So far over the course of this summer, which is PrescribeWellness' selling season, they've developed an even stronger pipeline of future business. Our integration of MedWise on the PrescribeWellness Patient Engagement center platform is on track for the first quarter of 2020. We are entering into pilot engagements with a half dozen of PrescribeWellness clients to develop and launch our MedWise Advisor, a concierge pharmacists platform offering. During the recent PrescribeWellness advisory panel meeting held that TRHC headquarters, we found meaningful interest in hosting MedWise on the PrescribeWellness platform.

As one pharmacist put it, I can't believe we haven't had this type of medication decision support to help our patients avoid adverse drug event. It is humbling to realize how much pharmacist providers could engage patients improve outcomes of care and overall health with medication decision support tools like MedWise. SinfoniaRx and PrescribeWellness are now collaborating to provide an integrated solution to independent pharmacies.

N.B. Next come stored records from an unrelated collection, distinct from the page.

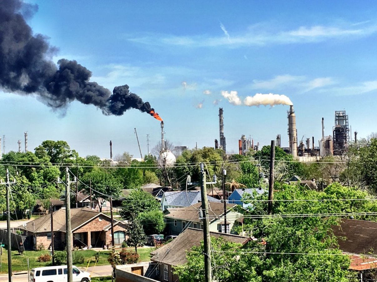 A flare from the Valero refinery on March 22, 2018, overlooking the community of Manchester in Houston, Texas.
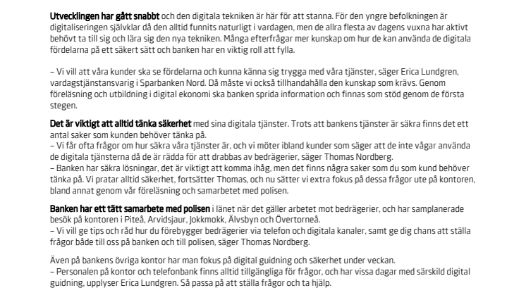 – Vi vill att våra kunder ska se fördelarna och kunna känna sig trygga med våra tjänster, säger Erica Lundgren, vardagstjänstansvarig i Sparbanken Nord. Då måste vi också tillhandahålla den kunskap som krävs. Genom föreläsning och utbildning i digital ekonomi ska banken sprida information och finnas som stöd genom de första stegen.
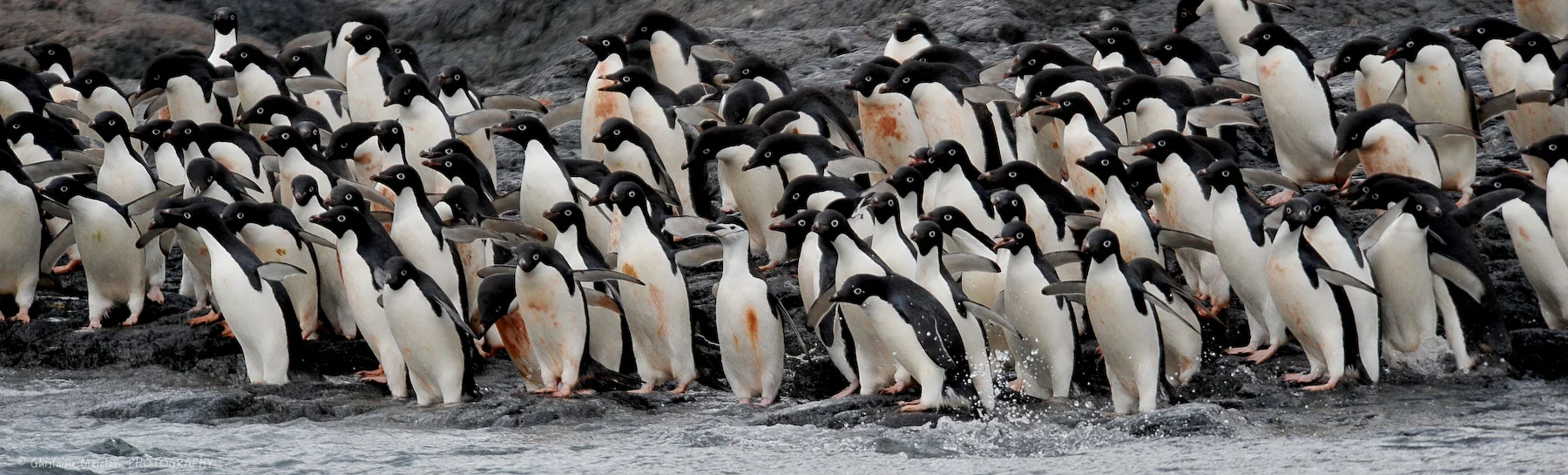 Depuis le zodiac, nous apercevons des milliers de points noirs et blancs sur des parois rocheuses partiellement recouvertes de neige et colorées par endroit en rose. Ce sont les colonies de manchots, il y a plus de 10000 couples de manchots Adélie avec leurs bébés. Le manchot Adélie se reconnait par sa tête toute noire (alors que le manchot jugulaire a la tête blanche et il porte un collier noir autour du cou).
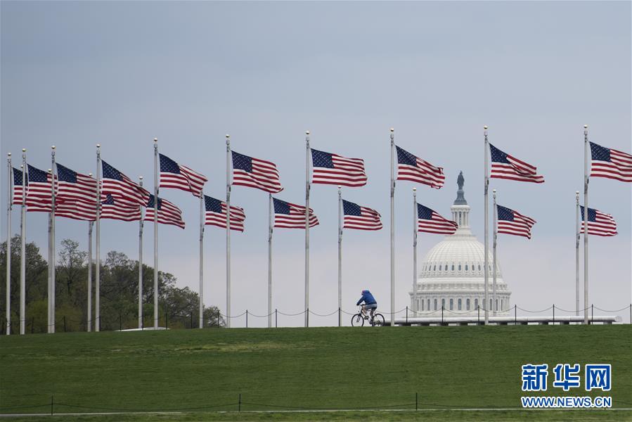 4月1日,在美国首都华盛顿,一名男子从美国国旗前骑车经过。
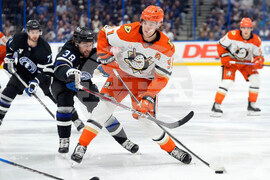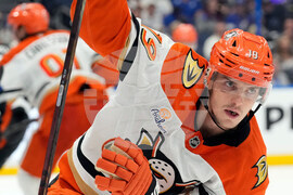 Anaheim Ducks left wing Cutter Gauthier (61) gets around Tampa Bay Lightning left wing Brandon Hagel (38) during the first period of an NHL hockey game Saturday, Oct. 25, 2025, in Tampa, Fla. (AP Photo/Chris O'Meara)
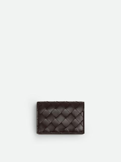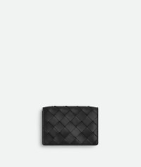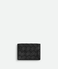 Intrecciato nappa leather business card case. Product Details - One compartment, one card slot, one back pocket - Press stud closure - Material: Lambskin - Lining: Calfskin - Color: Black - Hardware: Gold finish - Height: 7.8 cm | 3.1” - Width: 11 cm | 4.3” - Depth: 2.5 cm | 1” - Made in: Italy - Product code: 814091VCPP38425
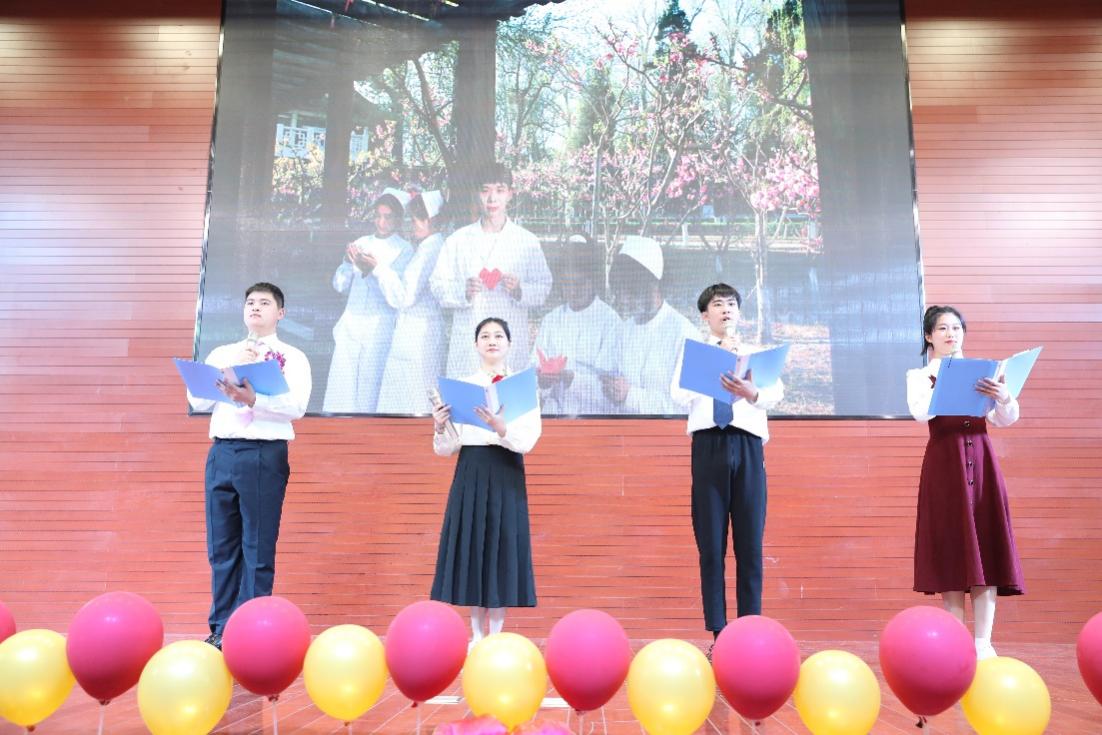 不忘护理初心,传承护理精神。《传承护理精神,续写新的荣光》诗歌朗诵节目随之亮相。师生们用生动的语言、真挚的情感和饱满的热情抒发了尊重生命、保障健康的铿锵诺言,诠释了护理工作的圣洁,深情的朗诵伴随着时而婉转优美时而慷慨激昂的配乐,扣动着每位师生的心弦。大家进一步感受到了白衣天使们忠于职守、无私奉献的高尚情操,也展现了医专学子的青春魅力!
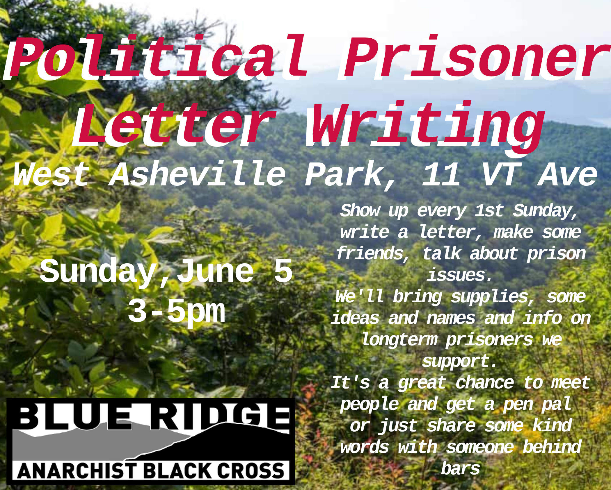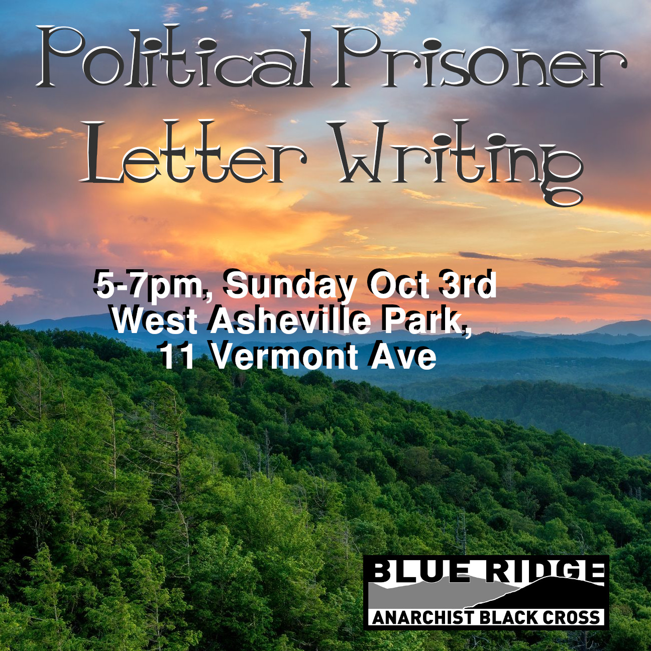 If you’re in the Asheville area, check out the Blue Ridge Anarchist Black Cross letter writing night on Sunday, November 7th from 5-7pm at West Asheville Park at 198 Vermont Ave. No letter writing experience required, they provide stationary, names and addresses of prisoners with upcoming birthdays or facing repression.
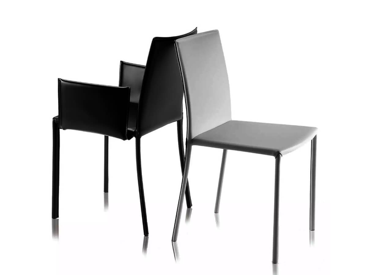 A unique piece of furniture that immediately established itself on the international design market thanks to its artistic and design quality. Twiggy is a chair with essential lines, slender and particularly light, which can be used both alone and around the table. The structure is made of steel, with seat and back upholstered in polyurethane foam to ensure maximum comfort for the body. An extremely versatile object also thanks to the precious saddle leather covering, a material known to be resistant to prolonged use. Twiggy is available in different colours, from the most classic to the most modern with leather-coloured or contrasting stitching.
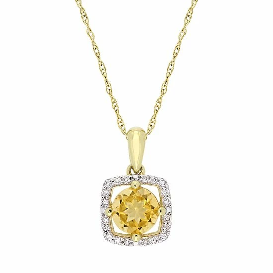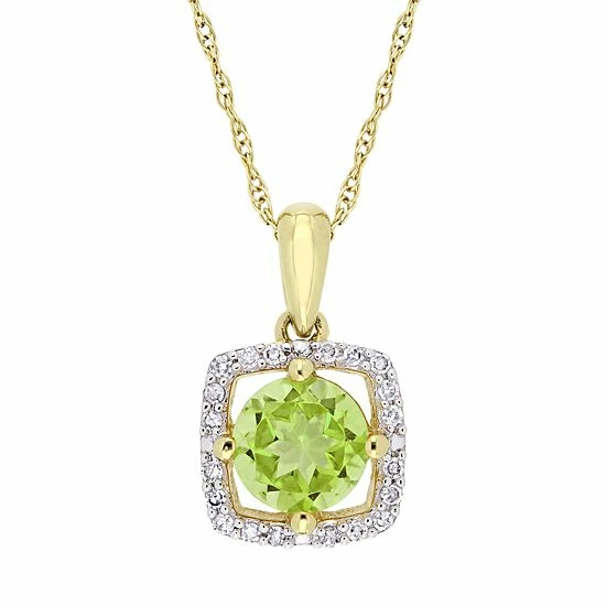 Featuring a round-cut center gemstone framed with shimmering diamonds, this 10k gold necklace is a beautiful complement to any outfit.
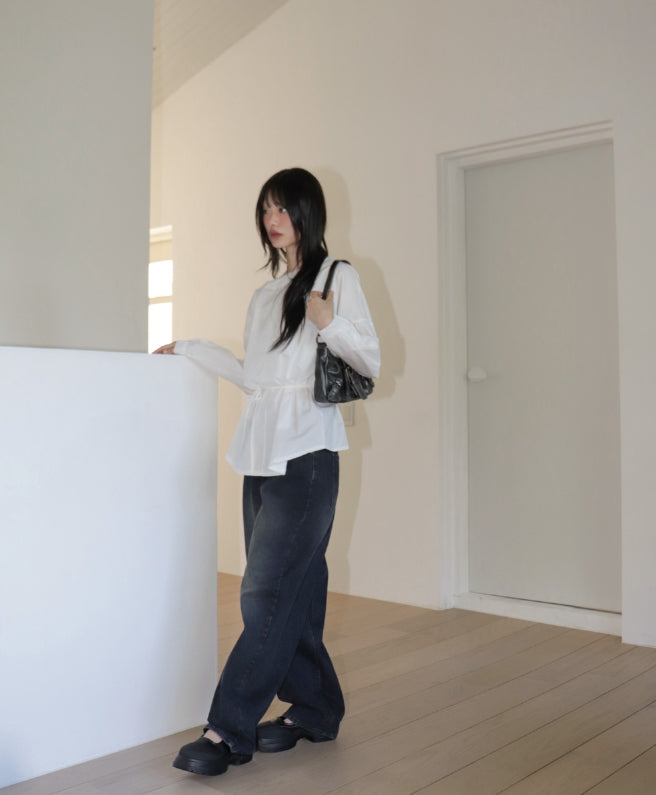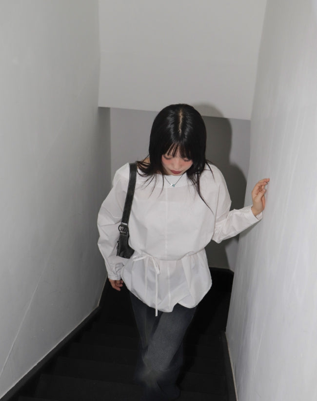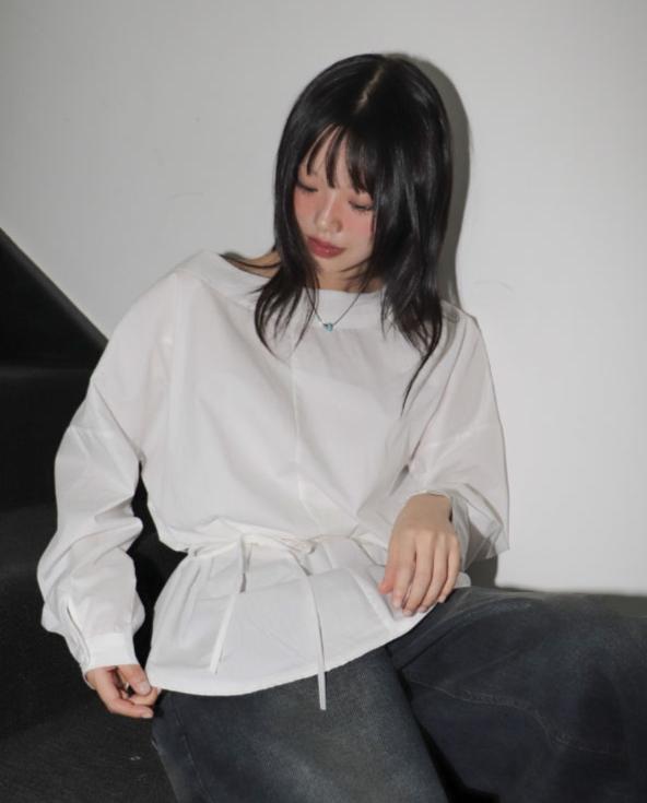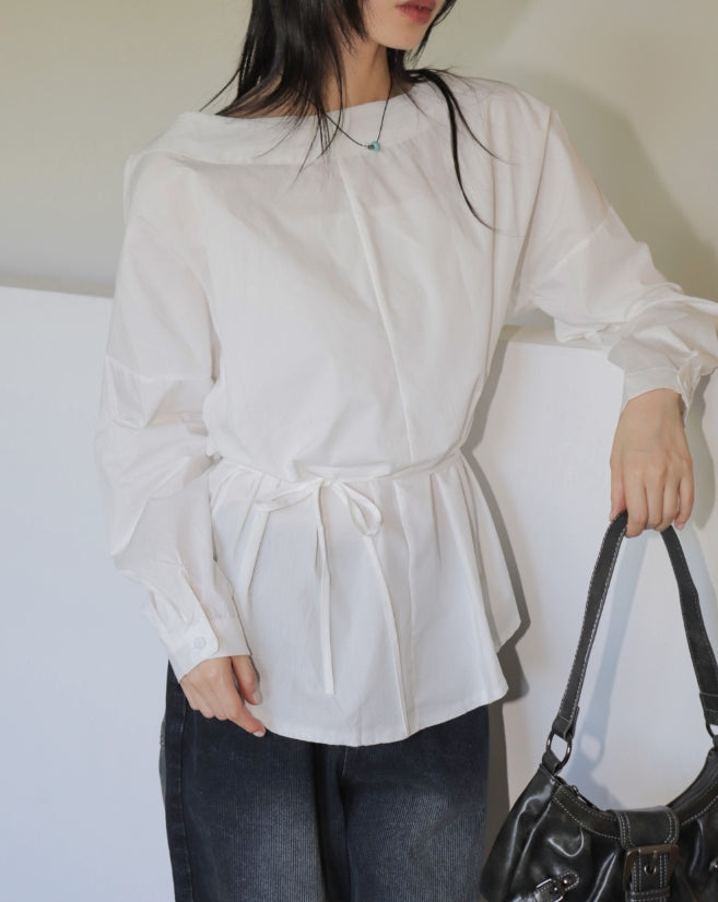 Beunu one-shoulder muffler strap blouse shirt

This extends our model with PrescribeWellness community pharmacy network providing local support and SinfoniaRx providing call center telephonic support to an even broader market.

The centralized call center services, which were previously only available to large chains, result in more pharmacies in the community across the country, delivering efficient and effective healthcare to consumer. Just to mention our recent acquisition DoseMe, the company has had great success, bringing on several new hospital clients. They also launched their new clinical dashboard known as Cohere, which is being written into existing contracts in their pipeline. Next, I want to provide an update about Pace and our new brand CareVention HealthCare.

CareVention is our collective service offerings we provide to Pace, including CareKinesis, Capstone, Peak Pace, Mediture and Cognify. From a market perspective, the good news is that the new Pace conditions of participation took effect on August 2nd. This shows continued support from the federal government for the Pace program and willingness to encourage growth. Recall that Pace participants across the federal government, 2,000 less per month compared to if they were in a nursing home.

It is believed that these new regulations will help Pace programs grow faster, operate more efficiently and at the same time, enhance care delivery. Some of the changes allow Pace organizations more operational flexibility. We believe our CareVention platform will help Pace organizations more easily achieve these growth fall. Along with the new Pace growth, we are seeing organic expansion in multiple states.

From our perspective, in addition to the ongoing new business we are adding to Pace, we have a strong pipeline of client expansions that run through 2020 and the start of 2021. Truly we are seeing strength in growth in the market. We are also excited about our CareVention HealthCare platform's selling success. CareVention HealthCare Pace companies had a great second quarter, have contract starting in the third quarter and look forward to continued growth with existing and new Pace organization starting in the fourth quarter as well.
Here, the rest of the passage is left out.